A new community for those involved and interested in diagnosis and prognosis
© The Author(s) 2017
Received: 16 December 2016
Accepted: 16 December 2016
Published: 8 February 2017
Why do we need a new journal titled Diagnostic and Prognostic Research in the year 2017, in an era where communication has shifted towards instant messaging via avenues such as Twitter, blogs and Facebook and where we already have tens of thousands of biomedical journals, producing millions of papers, editorials and letters each year?

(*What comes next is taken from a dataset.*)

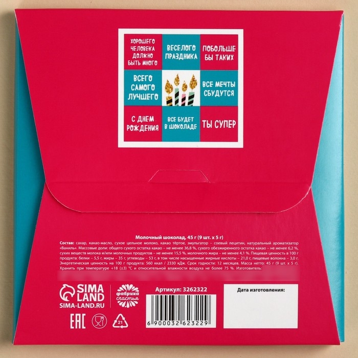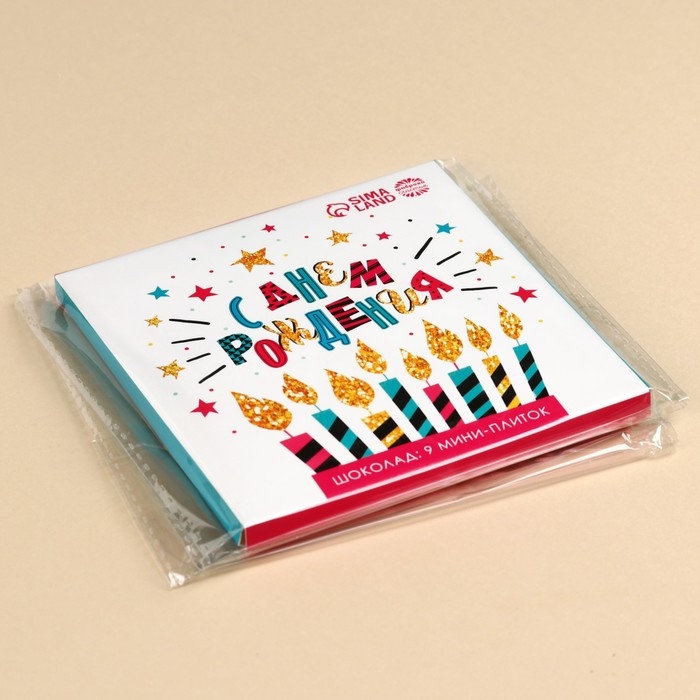 Шоколад молочный «С днём рождения», открытка, 5 г. х 9 шт.

A journal entitled Diagnostic and Prognostic Research—why do we actually need this in the year 2017, in an era where communication has shifted towards short messages via Twitter, blogs and Facebook and where we already have 10,000s of biomedical journals, producing millions of papers, editorials and letters each year?
The answers are easy. Even though making a diagnosis in an individual and estimating someone’s prognosis form the essentials of medical care, a journal with this specific focus is interestingly enough still lacking. The domain of applied medical research, as opposed to the more fundamental biomedical research, has predominantly focused on evaluation of therapeutic or preventive interventions (intervention research) and of studies aimed at unravelling the causes of diseases (aetiology research). Numerous papers and books have been written on how to design, write protocols, conduct, analyse and report therapeutic intervention studies, with a focus on randomised trials. Similarly, many publications have addressed how to study causality or causal associations between risk factors and diseases. This applies not only to primary (intervention or aetiological) studies but also to meta-research, such as systematic reviews and meta-analyses, of such studies.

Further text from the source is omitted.